With all this commotion and antics, a respectable gathering of other fishermen on the bridge, had stopped to watch this comedy from start to end. Most of them would have made LL Bean proud; they appeared to have just strolled off the color pages of the latest fishing catalog. My! They were a sight to behold. Their catching ability may have been in question but they certainly resemble the “sports”. After several minutes of gyrations and words of questionable origin, we landed our trophies. Skeet, true to form, had bested a 3 + pound salmon and I had managed to land a nice 2 pound trout.
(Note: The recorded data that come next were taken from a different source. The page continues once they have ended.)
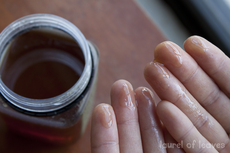 I often follow my honey mask with an apple cider vinegar toner, then moisturize with coconut oil. Don’t worry-the wonderful fragrances from the honey and coconut oil override the potency of the vinegar.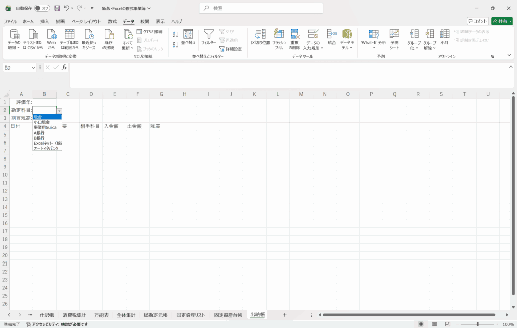 - B2セルのプルダウンリストで現金や預金関係の勘定科目を選べるようになる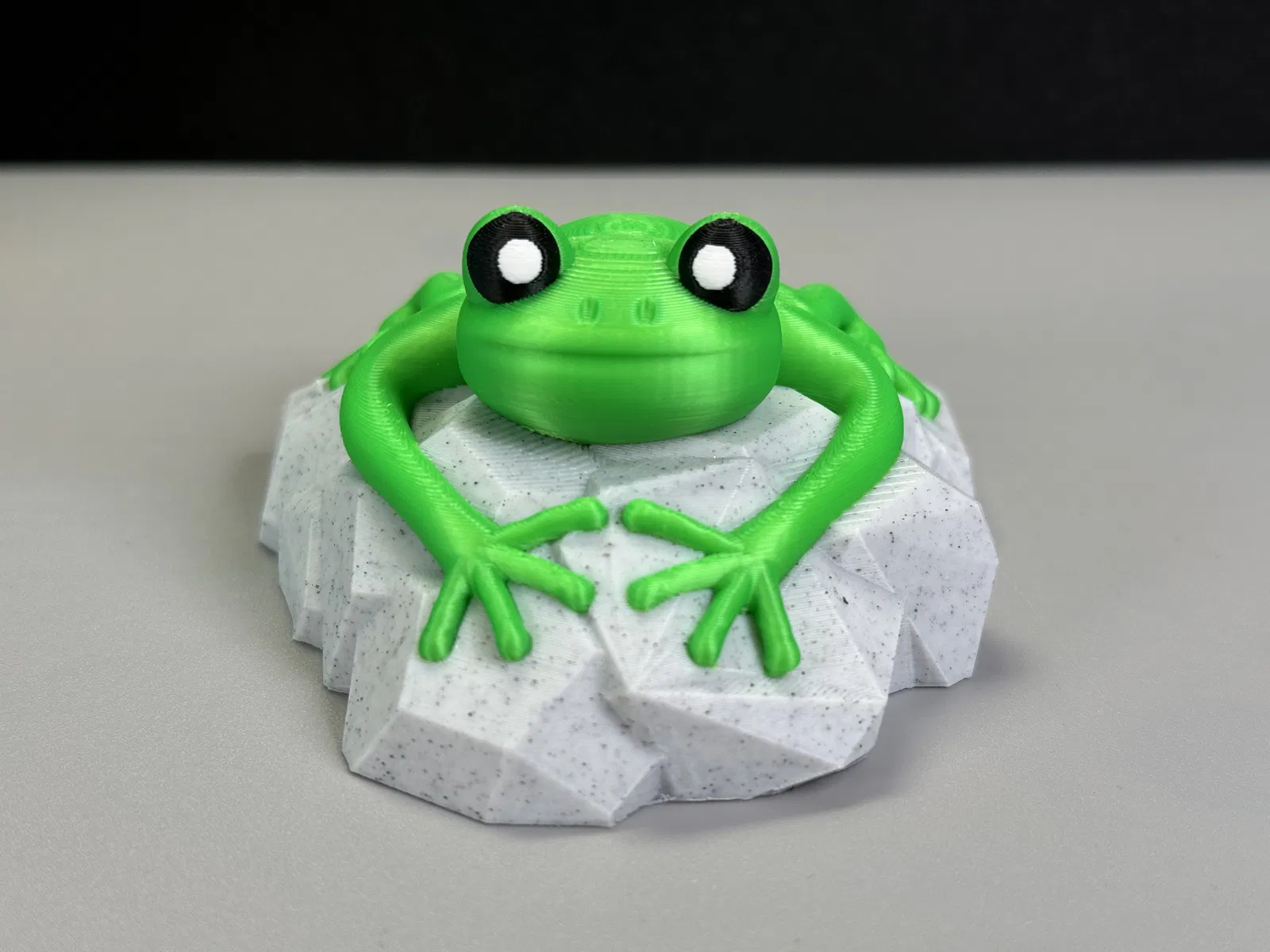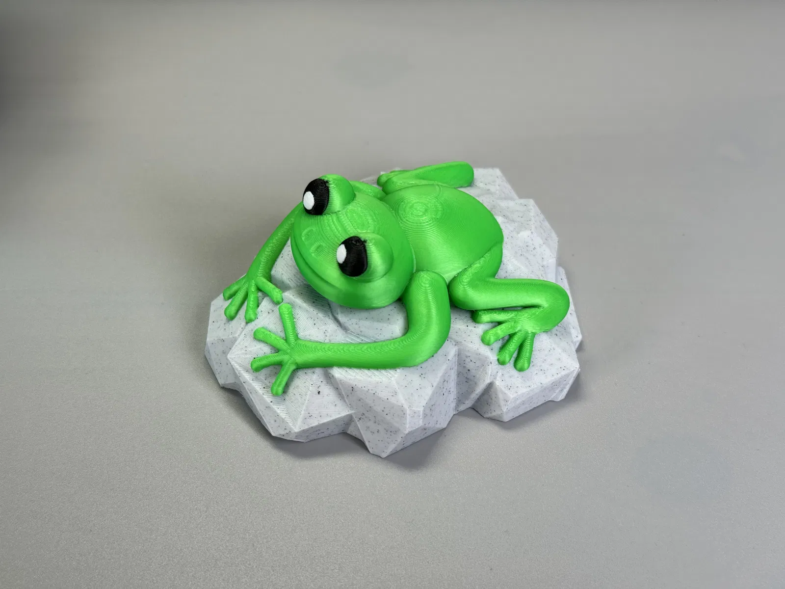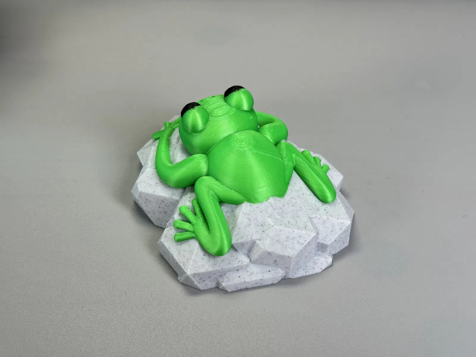 Mô hình con ếch nhỏ xinh đang ngồi trên tảng đá, có thể in đơn sắc hoặc đa sắc. Thích hợp để trang trí hoặc làm quà tặng.

After the awe and wonder wore off, We tossed our lines out again. A few casts past before Skeet and I did it again. The second act began with two nice fish, battling tail and fin against us. We wrestled these two to the land and sure enough I had another trout and Skeet had a fairly respectable salmon. Of course this garnered a round of applause from the bridge. With these two beached, measured and sent on their watery way, Skeet decided to test his skill with a trout and I am always in the mood to out salmon a salmon. So we settled on trading flies. This made perfect sense to us, having done so times past. Our gallery of “professional” LL Bean fishermen reflected our common sense had gone downstream. Skeet muttered something about them being too pretty to catch anything and the trade was done. One back cast and our lines snaked out in front of us to the river. This went on for a few minutes and some uncomfortable remarks wandered down from the bridge. I think it was about then, Skeet clinched his teeth, bite his cigar in half, flipping his hat into the river and pulling hard on the cork handle, setting the hook on a serious sized fish. Chuckling at his good fortune, I almost forgot that I had a fish on too. We danced and wiggled, finally getting both fish in the net. True to form I had the salmon and Skeet had a right nice Trout. Skeet held up his prize with narration on fishing the Kennebago for the bridge gallery to see and approve of, but it must have been how Skeet said it, more than what he said because our audience turned on us. Throwing pebbles and sticks at us but what we did not know, they had been fishing since afternoon of the day before and hadn’t seen a fin. Here stood 2 locals, obviously out of uniform, nipping on a mysterious concoction called “snake bite” and catching fish big enough for a year’s worth of tall tales. The insult was the releasing of these scaled trophies. Their lack of grasp in the concept that we came to catch not to keep seemed evident. Skeet did mention something about size of bait and too many snakes on the bridge. This developed an intense series of non-flattering remarks. Funny how a few inches of fish and a lack of proper liquid rewards can turn a fisherman from a LLBean centerfold to the front page of Revenge Inc.
Skeet is long gone now and I hope he approves but I just had to share the story with you all, Too many times it is how we dress or what we say can make or break a fishing trip. So I hope you enjoyed my tale of the real Kennebago and one of the characters who made it what it is.